Further, group distinctions can morph over time. European anti-Semitism began as exclusively religious in the Middle Ages. As Jews accumulated money in the late Middle Ages, it became increasingly a class issue, and then, during the Enlightenment, focused more on culture and less on religion. By the late 19th century, it became racial, reflecting an overall increase in the prevalence of racial pseudoscience in Europe; it has had a strong racial component ever since. But that story will reveal very little about the exact ways anti-Semites hurt Jews. A more instructive way of characterizing it is that anti-Semitism has been populist for most of its history, but was systemic between roughly 1890 and 1945.
The artificial division of religious and nonreligious distinctions seems by and large restricted to the secular West. It’s a mistake endemic to atheist activists, like Harris or Richard Dawkins, that religious conflicts will disappear if atheism only gains more credence. In fact, although religious fundamentalism has been a motivating force behind Western supremacist views, the Western elites justify supremacist views based entirely on secular arguments. Samuel Huntington doesn’t say that the West is special because the Reformation’s theology is the best of all the theologies of major religions and denominations; he says the West is special because of its mix of human rights, democracy, and separation of church and state.

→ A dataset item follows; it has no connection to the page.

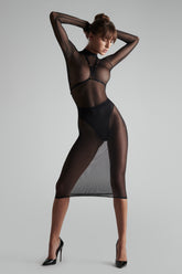 Das Midi-Kleid in Schwarz mit langen Ärmeln besteht aus weichem Tüll mit schillernd transparenter Optik.
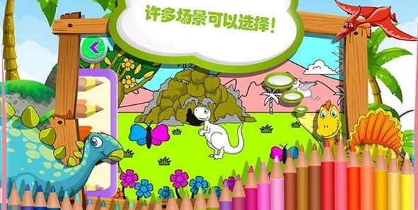2. 选择你最喜欢的场景和颜色,如你所愿!通过着色恐龙和创造你独特的艺术品表达的创造力!

Ultimately, this is a conflation of two different dimensions of religious distinctions. The first, the one between secularism and fundamentalism, is what is most familiar to people who are only familiar with one religion, such as most Westerners. That distinction is similar to distinctions between liberals and conservatives, and has very little to do with ethnic markers. But there’s another distinction, that between different religions. Plural religious societies, such as those of India or Iraq or even those Islamic societies that are in regular contact with the West, tend to emphasize that distinction instead.
This conflation allows a lot of people to hold beliefs about religious groups whose racial equivalents are too racists for any member of the Western elite to fathom. For example, take the idea that Islam is inherently degrading to women. In a way it is, but so is Christianity; the implicit idea is that Christianity is superior to Islam, because Christianity has been less successful at defending its misogynist traditions than Islam. Arguments rarely get more self-contradictory than that, but the conflation of cross-religious differences with the difference between secularity and religion effectively masks that contradiction.

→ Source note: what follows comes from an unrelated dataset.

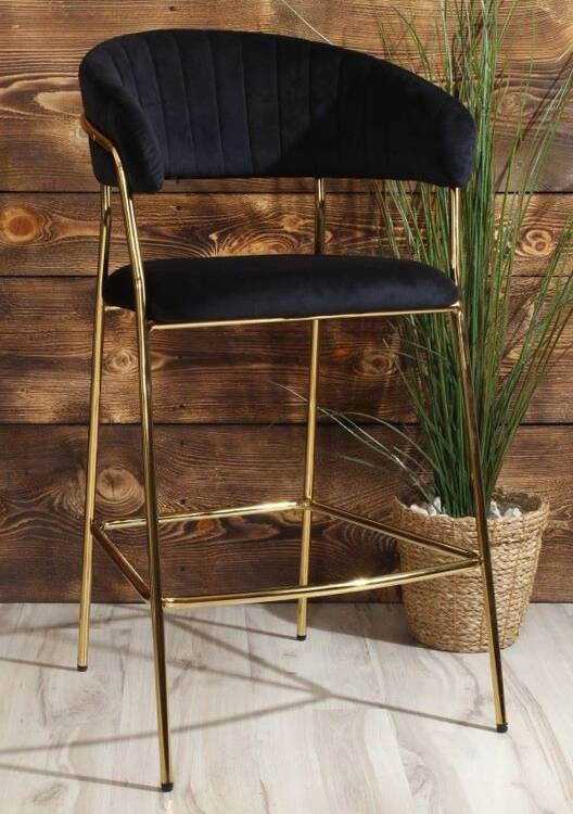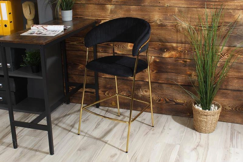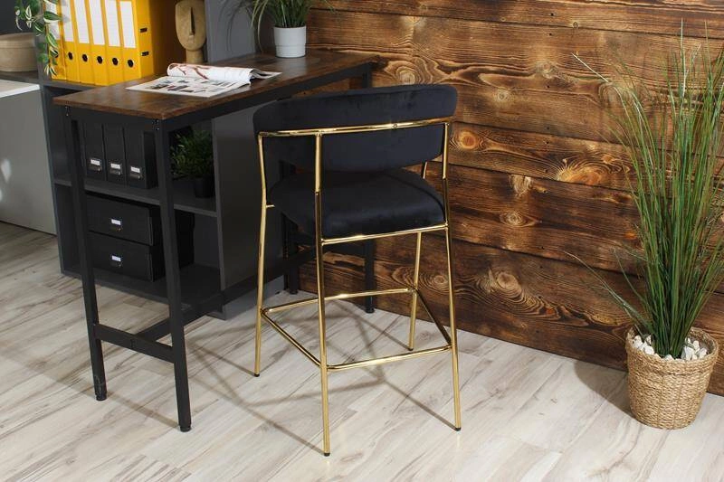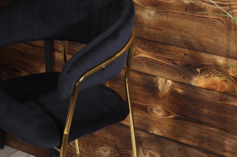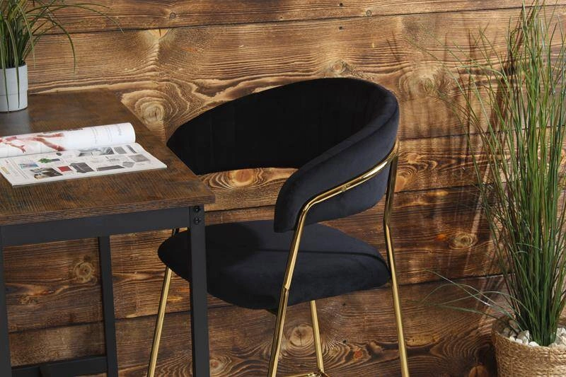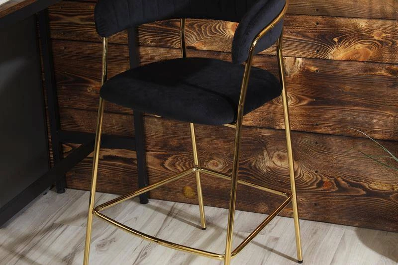 Krzesło barowe w stylu glamour MARGO czarny welur /złoty

But in fact, there’s little difference between distinctions of religion and distinctions of language or race. Different religions have different practices, but that hardly merits a special mention, in light of the different customs of different nationalities or cultural groups. In particular, discrimination and conflict have very little to do with whether the bone of contention is religious or national. Very rarely, religious groups will wage an ideological religious battle, as in the Crusades. More frequently, religion will be a proxy for something else—nationalism in the cases of Al Qaida, Israel, and Palestine; racism in the case of Western anti-Muslim attitudes; and a combination of racism and class consciousness in India.
The common secularist belief that every religious conflict can be analyzed in the same way as American-style culture wars is just not true. Most people never choose their own religion in the same way secularists chose to be nonreligious. In practice, religion works more like skin color than like the secular/religious spectrum; holding supremacist views about one religion is racism; and massacring people of a different religion is genocide.